■ DATA RECORDS ■

%%

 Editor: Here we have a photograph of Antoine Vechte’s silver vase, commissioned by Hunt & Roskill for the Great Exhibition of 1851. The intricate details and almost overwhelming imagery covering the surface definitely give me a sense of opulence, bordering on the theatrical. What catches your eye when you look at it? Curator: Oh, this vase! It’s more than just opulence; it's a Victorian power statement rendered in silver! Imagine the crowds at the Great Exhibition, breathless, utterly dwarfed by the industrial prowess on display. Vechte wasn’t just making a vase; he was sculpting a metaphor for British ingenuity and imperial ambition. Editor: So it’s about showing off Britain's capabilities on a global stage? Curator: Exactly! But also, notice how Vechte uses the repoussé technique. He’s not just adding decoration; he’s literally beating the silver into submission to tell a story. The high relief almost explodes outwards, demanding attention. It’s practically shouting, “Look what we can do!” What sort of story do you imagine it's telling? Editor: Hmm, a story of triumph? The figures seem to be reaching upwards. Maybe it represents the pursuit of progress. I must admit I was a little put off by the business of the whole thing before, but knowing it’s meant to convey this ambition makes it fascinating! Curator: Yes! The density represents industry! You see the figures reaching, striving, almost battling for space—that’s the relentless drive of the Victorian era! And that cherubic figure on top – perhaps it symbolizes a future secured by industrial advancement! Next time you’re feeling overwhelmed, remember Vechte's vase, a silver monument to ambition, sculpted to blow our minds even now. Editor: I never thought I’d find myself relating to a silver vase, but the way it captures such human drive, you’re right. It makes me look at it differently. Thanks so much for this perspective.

%%
%%

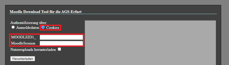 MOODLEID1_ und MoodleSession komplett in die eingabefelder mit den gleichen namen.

%%
%%

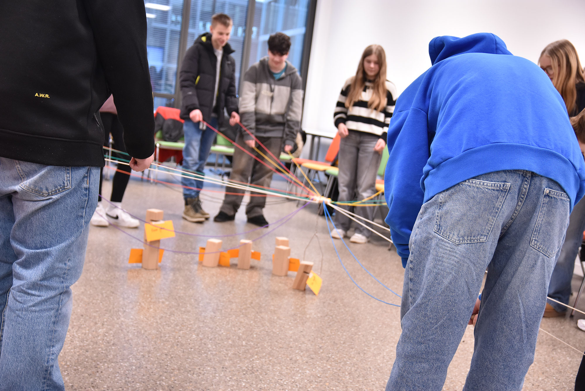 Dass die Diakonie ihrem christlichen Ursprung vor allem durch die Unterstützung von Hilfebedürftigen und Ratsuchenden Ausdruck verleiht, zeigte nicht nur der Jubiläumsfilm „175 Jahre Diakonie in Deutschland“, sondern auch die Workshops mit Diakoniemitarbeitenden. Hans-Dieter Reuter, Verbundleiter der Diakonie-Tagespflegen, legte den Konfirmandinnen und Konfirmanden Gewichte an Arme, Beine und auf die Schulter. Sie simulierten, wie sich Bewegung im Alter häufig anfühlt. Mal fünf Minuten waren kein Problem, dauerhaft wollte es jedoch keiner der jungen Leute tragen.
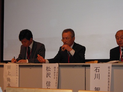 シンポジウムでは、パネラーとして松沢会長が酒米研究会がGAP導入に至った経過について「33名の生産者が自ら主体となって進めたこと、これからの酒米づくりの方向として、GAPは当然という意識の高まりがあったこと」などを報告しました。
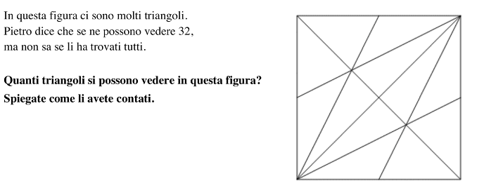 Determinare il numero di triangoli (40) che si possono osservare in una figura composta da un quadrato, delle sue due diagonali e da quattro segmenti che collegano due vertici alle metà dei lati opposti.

%%

In the entries above, find the line with "シンポジウムでは、パネラーと" and the line with "Determinare il numero". Write out exactly those two lines and every line between them, pictures excluded.

 シンポジウムでは、パネラーとして松沢会長が酒米研究会がGAP導入に至った経過について「33名の生産者が自ら主体となって進めたこと、これからの酒米づくりの方向として、GAPは当然という意識の高まりがあったこと」などを報告しました。
 Determinare il numero di triangoli (40) che si possono osservare in una figura composta da un quadrato, delle sue due diagonali e da quattro segmenti che collegano due vertici alle metà dei lati opposti.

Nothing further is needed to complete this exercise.